His request left me speechless. He went on to say that his cousin had asked him to ask me but he wasn’t willing to do it. But it was my choice – So what say me?
Sitting at the edge my bed all my mind kept saying was “are you fucking kidding me”.
It never ceases to amaze me how much my husband does not know about depression. He is a kind and good man but utterly hopeless in my struggle. He does not seek information about depression, doesn’t read or listen to anything I have given him in the past. I guess this is why he could not then and even now understand how much that question affected me.
I wanted to scream, I wanted to throw things. I wanted to vomit for the umptenth time that day. I had been struggling and praying everyday to accept the child growing inside me. A child who I could not speak too. I could not touch my stomach or feel her movements without feeling anger. I barely paid attention when we did ultrasounds. I cried every night I could not sleep because of insomnia. I cried everytime I had to take medication to control my vomiting. But I had been working these things out. I couldn’t afford therpy so I had to do it alone. I couldn’t talk to friends and my own husband had removed himself from my healing process a long time before. All I had was God, the tools I had learnt in therapy and my desire to be a good mother and give my baby love by the time she came out. I wanted her to feel love on the inside of me. God knows I struggled but I was doing it.
I wasn’t happy but that baby was mine. Ours!!!!! How could anyone in their right mind see their wife suffer through everyday or her pregnancy, learning to love the baby then casually ask if I would give it away?
The gall of his family to ask also left me disgusted at them all. I could not understand how anyone could think it ok to ask a woman to give up her baby out of the blue.
After a good cussing I told him to go to hell along with his so by so family.
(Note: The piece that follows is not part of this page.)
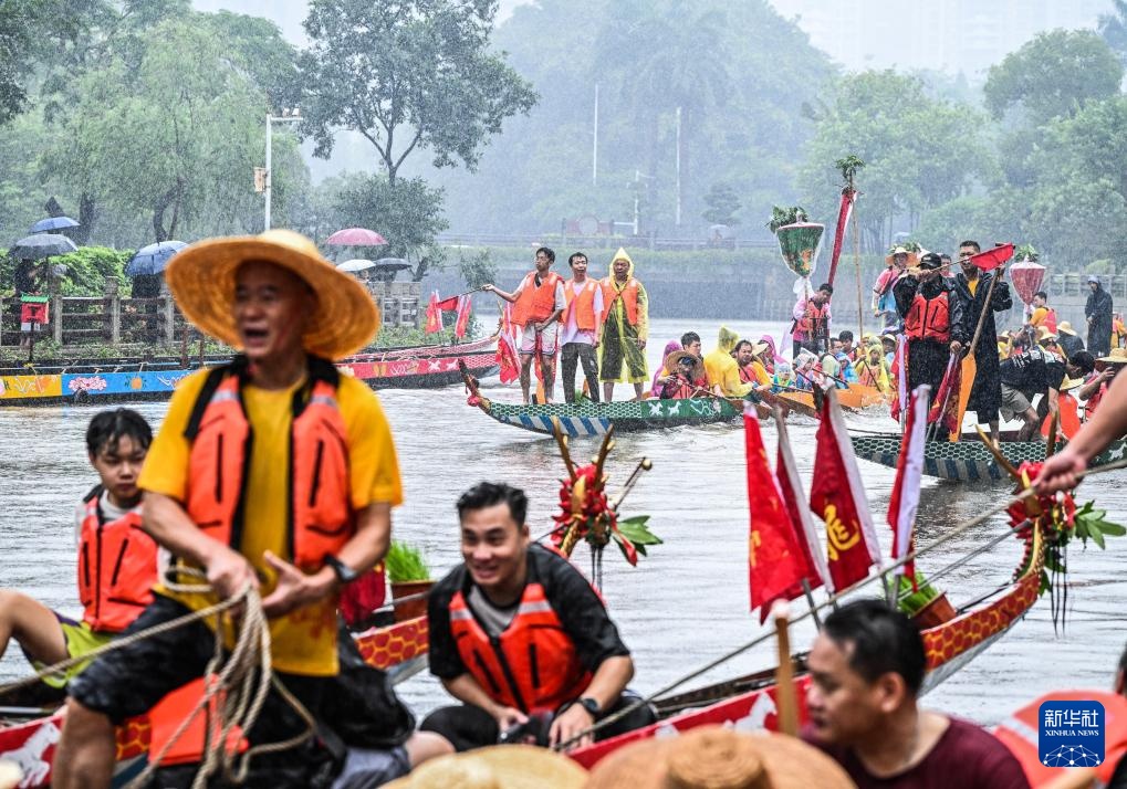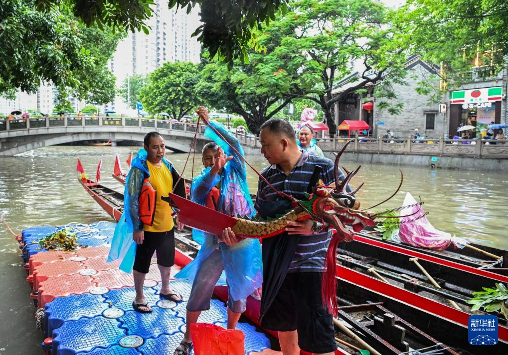 猎德村村民举行活动,为端午期间的“龙船景”做准备(6月1日摄)。

I eventually told a couple of friends after I realised that my husband and his family thought it was ok to ask such a request of me and that I would get no understanding from them for how they hurt me
They were taken aback as well and helped me through my hurt. After I met with the Aunt who made the request I finally exploded on my husband. I became physical and the fight ended with him telling me to leave. I called a friend to go by her. However, after a doctor’s appointment the day after I had to reconsider my decision. My pressure and sugar levels were high enough for a miscarriage and my doctor did not condone my leaving as my friend lived too far away from medical help. I had no choice but to go home. And deal.
So I did. I dealt. I talked my emotions out with my friends. Forgave my husband for his blindness. Made my ammends for my behaviour and moved forward.
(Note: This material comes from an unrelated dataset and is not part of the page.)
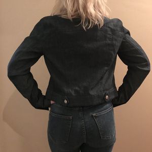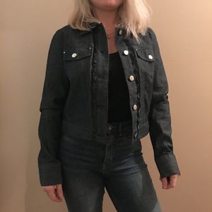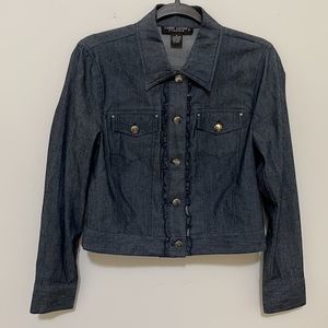 NWOT Larry Levine Blue Dark Wash Stretch Denim Jacket With Ruffles Size - S

We have been invited to a family get together with the side of my husband’s family with whom all of the bachannal happened. Thank God the Aunt has left the country but I am no longer comfortable being around his family.
Other things have occurred also with his side that have caused tears and fights in my marriage.
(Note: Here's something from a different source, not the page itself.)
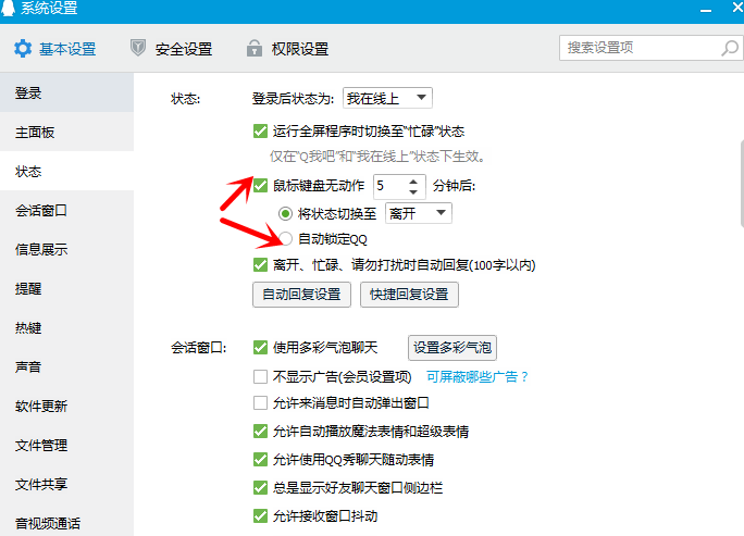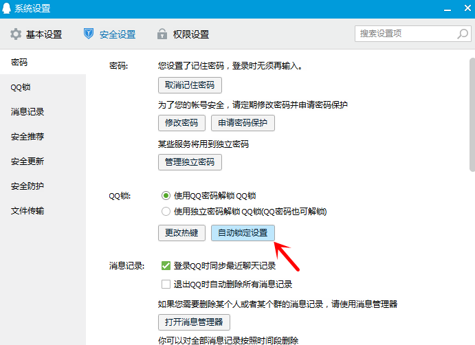 6、这时,我们在出现的页面中设置锁QQ锁的时间及选择“自动锁定QQ”即可;

The sad thing is the persons who have invited us had nothing to do with anything that has happened but I just cannot seem to separate them from the idiotic, hurtful and hateful things said by other family members. I feel like I am under a microscope. I don’t know where I stand or what they think of me. I just don’t want to be around people I also not sure like me or respect who I am
And I do not want my baby around them. I don’t want a picture getting back to that disgusting woman who wanted to take her from me.
It’s easy to forgive sometimes. It’s harder to live with the memory of the hurt and the fear and animosity another’s unthinking actions can leave behind.
Is it bad to say that all I want is an acknowledgement that they were hurtful and disrespectful to me as a human and a woman? Is it wrong to say that my husband disappointed me by laughing along with them as they mocked my reaction and told me I was over reacting?
So I sit in my kids room and ask myself and maybe soon God if I can be around his family and keep my peace?